Additional Information and Where to Find It

     This communication may be deemed to be solicitation material in respect of the proposed acquisition of CheckFree by Fiserv. In connection with the proposed acquisition, Fiserv and CheckFree intend to file relevant materials with the SEC, including CheckFree’s proxy statement on Schedule 14A. STOCKHOLDERS OF CHECKFREE ARE URGED TO READ ALL RELEVANT DOCUMENTS FILED WITH THE SEC, INCLUDING CHECKFREE’S PROXY STATEMENT, BECAUSE THEY WILL CONTAIN IMPORTANT INFORMATION ABOUT THE PROPOSED TRANSACTION. Investors and security holders will be able to obtain the documents free of charge at the SEC’s web site,, and CheckFree stockholders will receive information at an appropriate time on how to obtain transaction-related documents for free from CheckFree. Such documents are not currently available.

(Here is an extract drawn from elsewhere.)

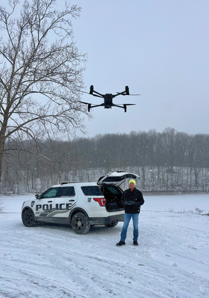 “We had raised about half the money through a police-versus-fire-department ‘Guns and Hoses’ basketball game, but it was going to take us another year or two to reach the $15,000 we needed,” says Police Chief Douglas Gill. “Once we received the grant, we were able to purchase the drone and accessories right away.”
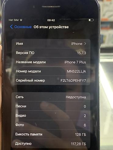 IPhone 7 Plus, 128ГБ, цвет Black Характеристики и детали: - Модель: iPhone 7 Plus (номер модели 3C178Z/A) - Память: 32 ГБ - Версия iOS: 15.8.5 - Дисплей 5.5" Retina HD с кнопкой «Домой» и Touch ID...

Participants in Solicitation

     Fiserv and its directors and executive officers, and CheckFree and its directors and executive officers, may be deemed to be participants in the solicitation of proxies from the holders of CheckFree common stock in respect of the proposed transaction. Information about the directors and executive officers of Fiserv is set forth in its proxy statement for its 2007 Annual Meeting of Shareholders, which was filed with the SEC on April 11, 2007. Information about the directors and executive officers of CheckFree is set forth in its proxy statement for its 2006 Annual Meeting of Stockholders, which was filed with the SEC on September 26, 2006. Investors may obtain additional information regarding the interest of such participants by reading the proxy statement regarding the acquisition when it becomes available.